The arcade game was a little less off-the-wall than the SNES side-scroller. The graphics are nice, and it definitely has a Macrossy feel about it. Of course, Kirby's Dream Land almost had more to do with Macross than certain segments of the feature here...

As with M:SV, the stages loosely follow the condensed story as seen in Do You Remember Love?, a cinematic release that was made a year or so after the TV series ended in an attempt to crush however-many episodes of character development and action into a less-than two hour space. Strangely, DYRL is usually considered to be the 'official' telling of the events in canon with the rest of the Macross saga.

It's also worth noting that instead of text, the cutscenes were given voiceovers. (This feature apparently has yet to be emulated in MAME, for the record.)

Macross II: The Legend and the Arcade Game

One of the underlying themes of the Macross II OAV series was the complacency and showmanship the military had grown into as a result of unopposed technological superiority. I think that about justifies the bizarre gaming mechanic the programmers of Macross II stuck in this game in the form of having to score some ridiculous amount of points to advance to the next stage.

Basically, this is a side-scrolling version of the prior arcade game- you need items to transform, bombs are extremely precious, only this time you are given infinite lives and an enemy in the form of the clock. You can actually complete a level without reaching the boss, let alone defeating it! You just shoot, shoot, shoot until your score ticker says you're alright. This is fairly easy to do in the first stage of each of the three paths (Beginner, Intermediate, Expert) but becomes exponentially rougher with each level. I have never completed a whole path, thanks to a battle with a cruiser in Path 1 that seriously lasts longer than your time allotted.

One of the more amusingly stupid bits of the game and show was the Culture Park. It's a UN sanctioned preserve for national monuments.
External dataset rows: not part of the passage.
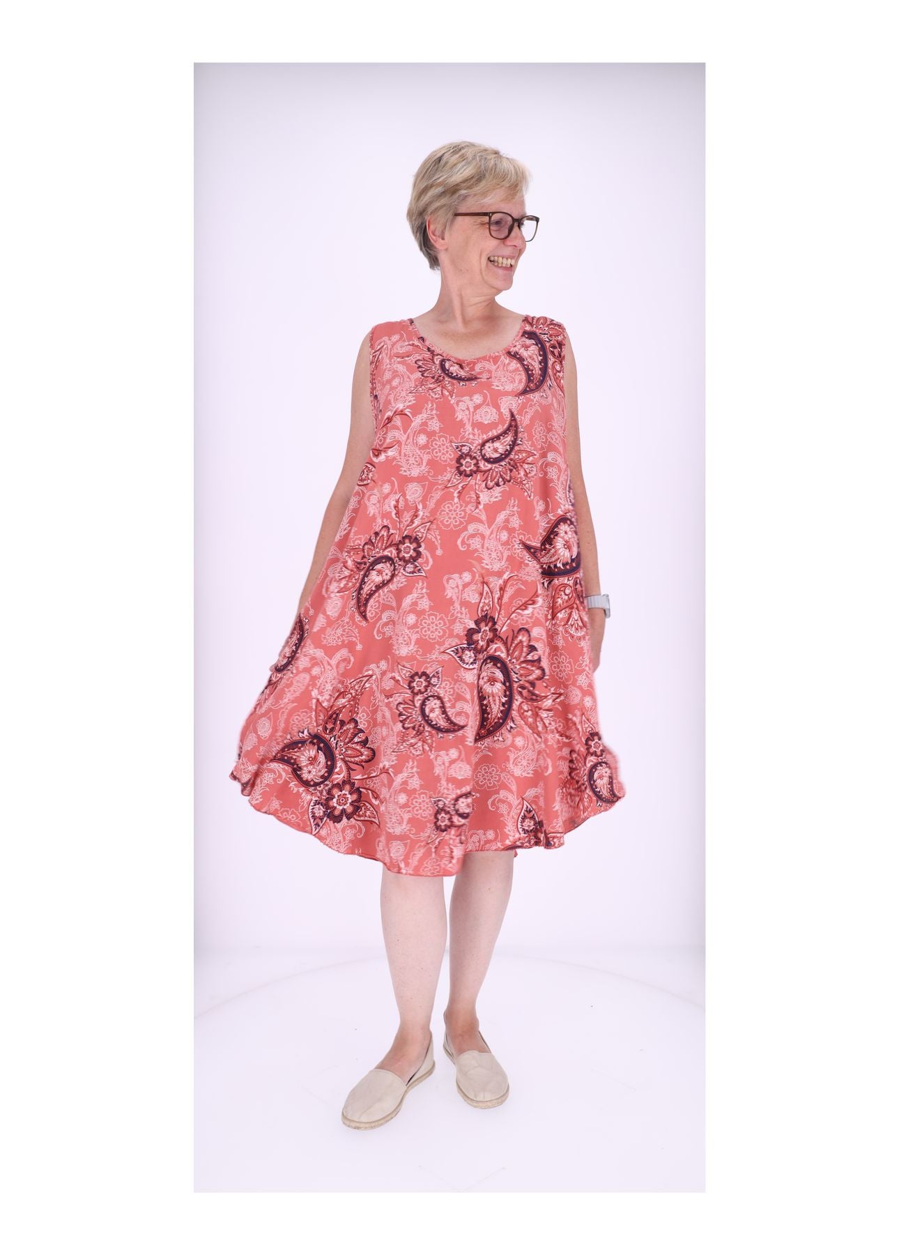 Dieses wunderschöne Trägerkleid ist der Inbegriff von entspannter Eleganz und purem Wohlgefühl. Gefertigt aus 95% Baumwolle und 5% Elasthan, umschmeichelt es deine Haut sanft und sorgt den ganzen Tag für ein angenehmes Tragegefühl, besonders an wärmeren Tagen. Das einzigartige Paisseley-Muster macht jedes Kleid zu einem echten Hingucker und bringt Farbe in deinen Alltag.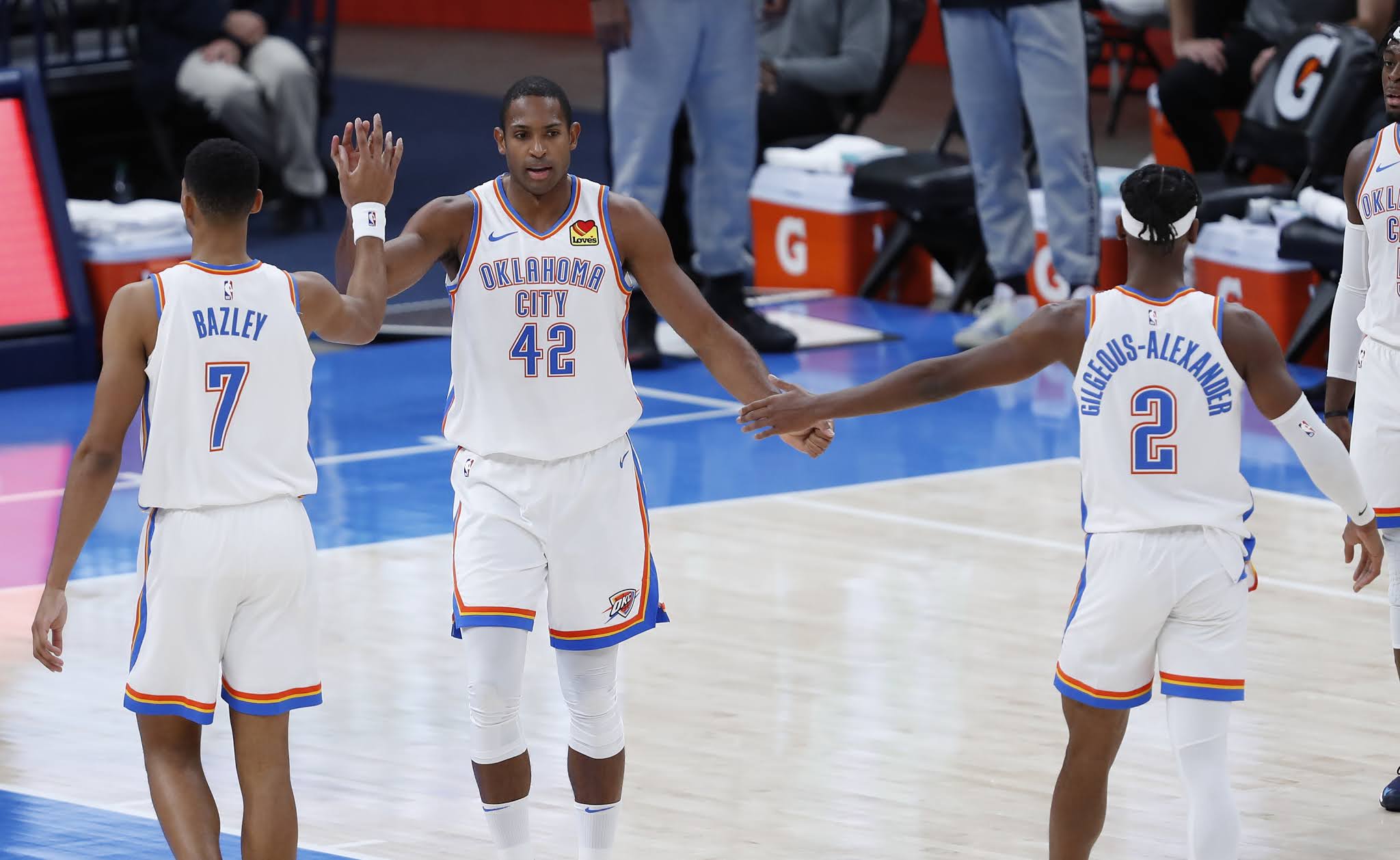 A un increíble Shai Gilgeous-Alexander le tocará tirar del carro mientras los Thunder intenten llenarse de nuevas promesas en los próximas temporadas. En su segundo año promedió 19 puntos (16’3 en postseason), 5’9 rebotes y 3’3 asistencias. Lo secundará Hamidou Diallo, otro jugador de tercer año que duplicó su actuación en el último curso (6’9+3’6), y Luguentz Dort, sophomore que ganó protagonismo en la burbuja, siendo un buen defensor.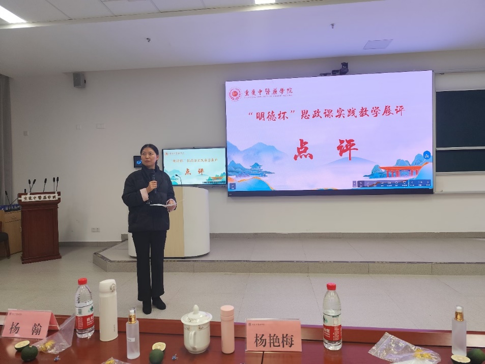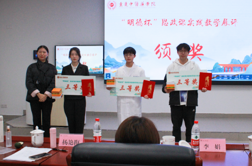 为深入贯彻习近平总书记对学校思政课建设作出的重要指示精神,推动思政课程内涵式发展,12月11日下午,教务处、马克思主义学院在综合教学楼E1-104举办2024-2025学年第一学期“明德杯”思政课实践教学成果展示评比活动。本次活动以“承中医文化 做中医传人”为主题,教务处副处长李娟、马克思主义学院院长代浩云、医药导报主编冯华、学生处事务管理科科长杨翰、中医学院杨艳梅教授和百余名师生代表参加。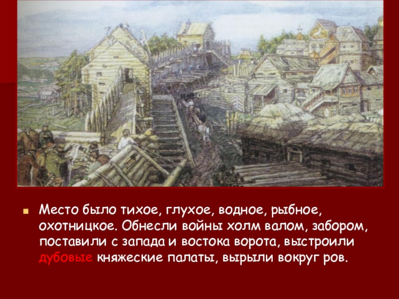 Слайд 5Место было тихое, глухое, водное, рыбное, охотницкое. Обнесли войны холм валом,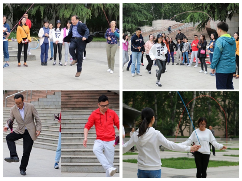 最后,教职工党员和学生党员共同开展了多个互动活动。通过跳大绳、齐心协力等团体游戏和呼啦圈、踢毽子等个人游戏,拉进了师生之间的距离,展现了积极向上、团结奋发的精神面貌。大家纷纷表示,此种寓教于乐、形式灵活的组织生活会应该多举办,让大家在组织和互动中实现情感的交流,在情感的交流中实现思想的沟通,在思想的沟通中实现认识的升华。
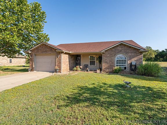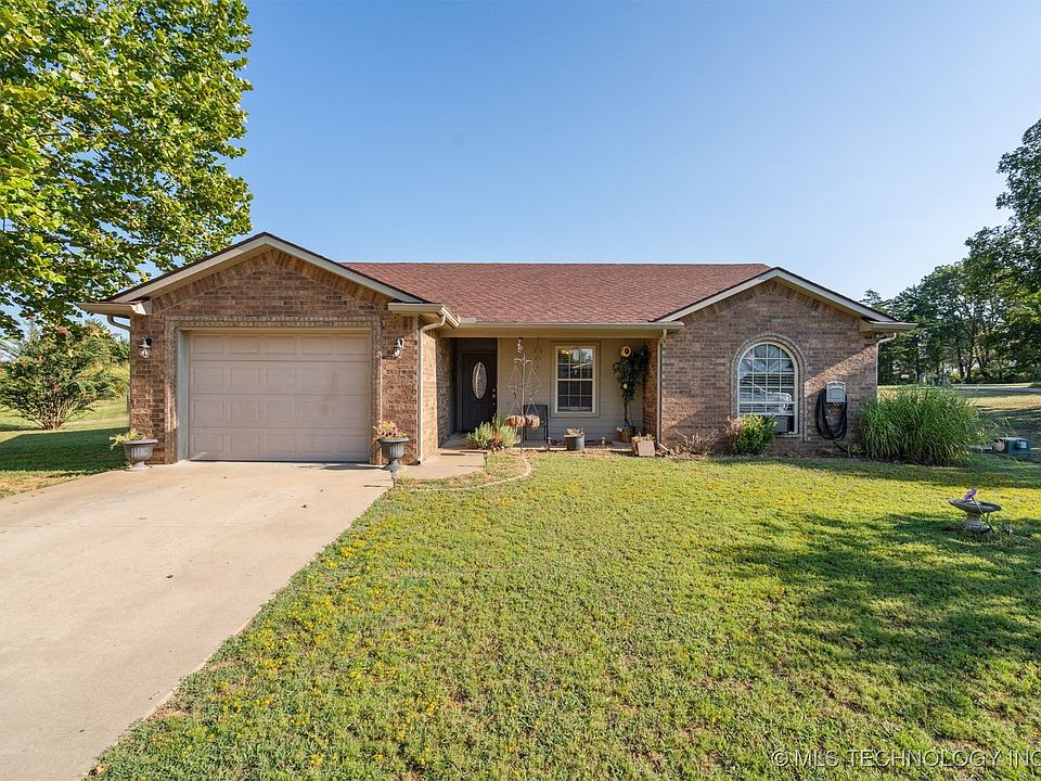 This charming 3-bedroom, 1 and a half bath home offers a well-maintained living space on a spacious corner lot. Step inside to a welcoming living room with vaulted ceilings and soft carpet underfoot. The kitchen features tile flooring, ample cabinetry, and a full suite of appliances including a refrigerator, range, microwave, and dishwasher—perfect for everyday cooking and entertaining. Adjacent is a cozy dining area with natural light and backyard views. The primary suite includes a private half bath and generous closet space. Two additional bedrooms share a full hall bath with updated finishes. Throughout the home, you'll find thoughtful touches like 9' ceilings and a functional layout that maximizes comfort. Outside, enjoy a huge privacy-fenced backyard with a storm shelter, aerobic system, and mature landscaping. A beautiful walnut tree, peach tree, and vibrant flowers add curb appeal and seasonal charm. The attached garage fits one vehicle, and the new roof (installed February 2025) offers peace of mind. Located in a quiet area with easy access to schools and amenities, this move-in ready home truly has it all!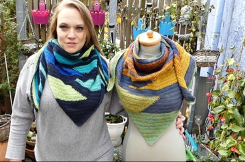 Das gehäkelte 1-2-3 Tuch ist ein ganz besonderer Hingucker und der tolle Effekt kommt dabei komplett aus dem Garn. Man häkelt einfach immer bis zur neuen Farbe. Durch die 3 Teile, dieman zusammenstellen kann man mit der Anleitung mindestens 3 unterschiedliche Tücher und unzählige Varianten nach diesem Prinzip häkeln. Durch die leuchtend bunten Farben und die flexible Zusammensetzung der einzelnen Teile kannst du dein ganz individuelles Tuch zusammenstellen. Der Phantasie sind dadurch keine Grenzen gesetzt.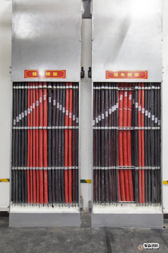 豎向橋架內(nèi)電纜排布有序,標(biāo)識(shí)清晰,防火封堵到位。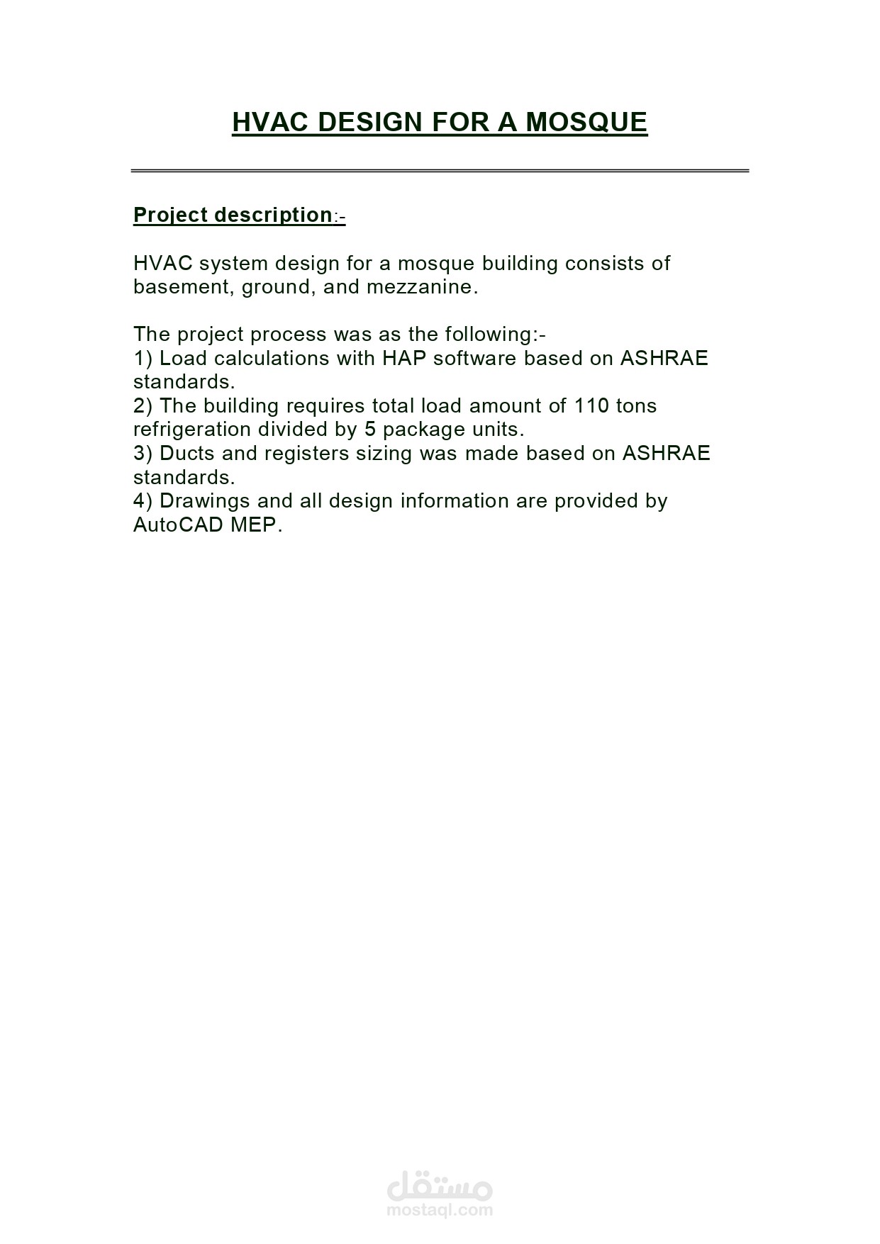 HVAC system design for a mosque building consists of basement, ground, mezzanine: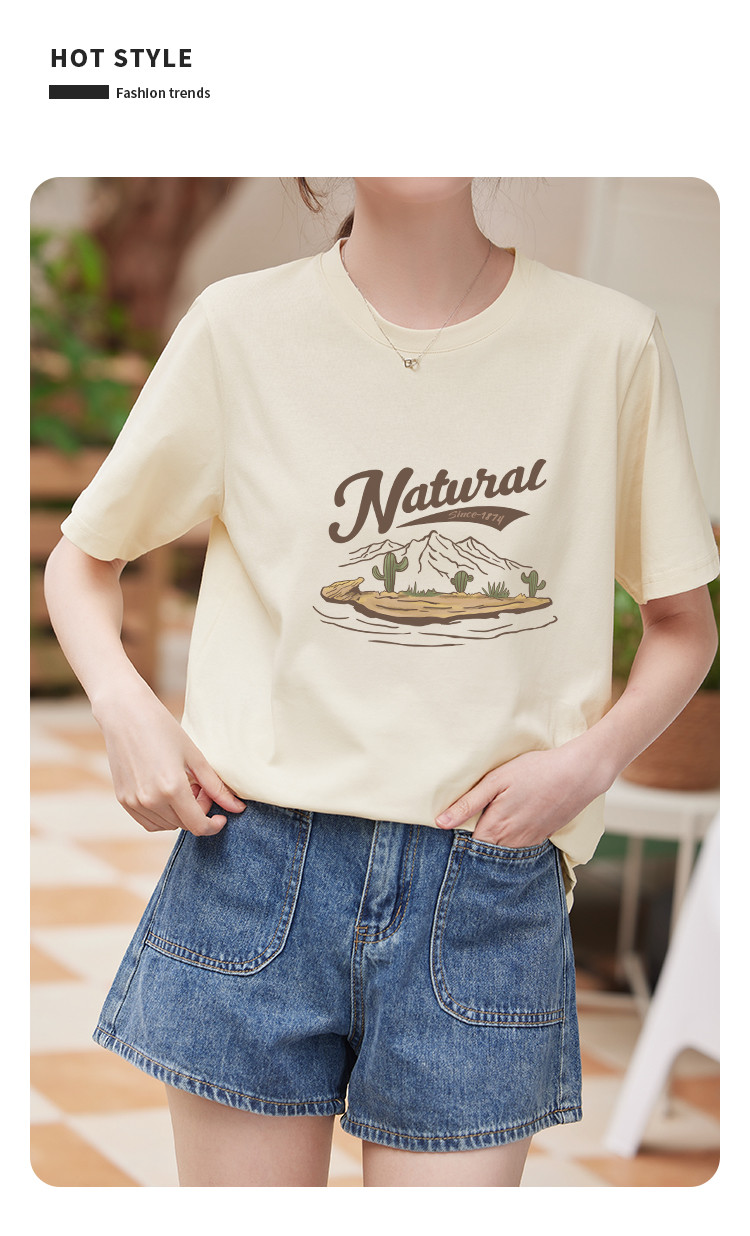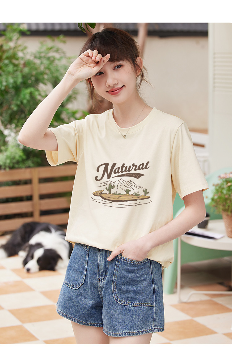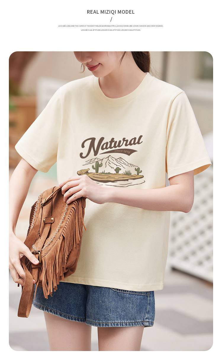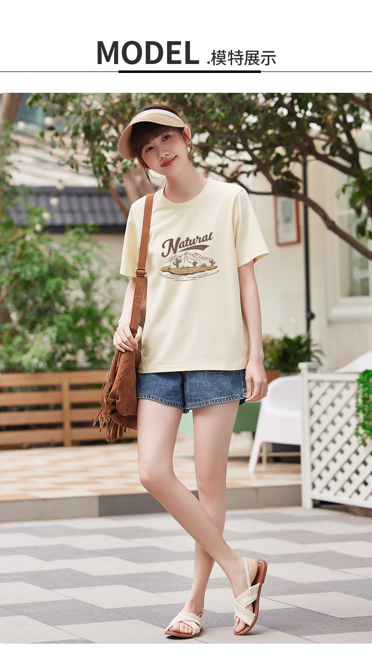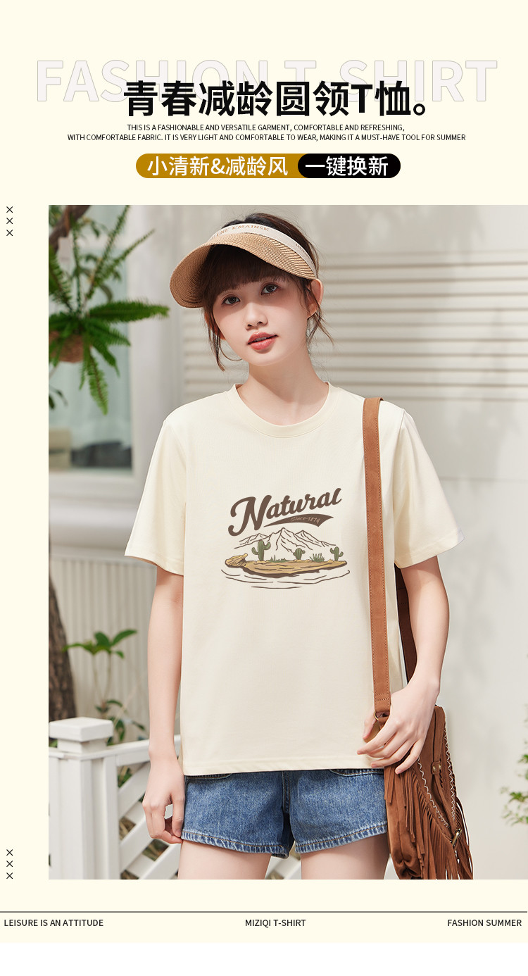 商品名称:米子旗个性创意印花圆领T恤夏季女减龄舒适小个子短袖上衣 097562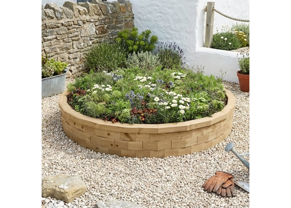 Tento velký kruhový vyvýšený záhon je ideálním řešením do moderních zahrad. Začleněním oblých tvarů do umírněných zahrad a pravoúhlých tvarů zjemníme jejich vzhled. Pro umocnění dojmu můžete využít i vyvýšené záhony s využitím oblouků nebo kosých rohů, které se k tomuto kruhovému skvěle hodí.

I'm serious, this is like a ten-mile park with segments of the Great Wall of China in it, the Colosseum of Rome, I think they even had a duplicate Lourve there. Of course looking back on it, it was probably just a cheap set-piece for the invasion scenes, but it really takes away from the impact of seeing aliens marching on national monuments when you realize they've only landed in Yosemite... In the game, in order to meet the required score in level 2, however, you HAVE to destroy a number of roman pillars, not to mention the exploding Great Wall in the first stage.

I had a soft spot for the generally unpopular Macross II at one point; I played the Palladium Robotech role-playing game, liked the mechanical designs of the newer Valkyries (this being long before I saw Plus) and well... Macross II: The Movie was the first anime tape I ever bought.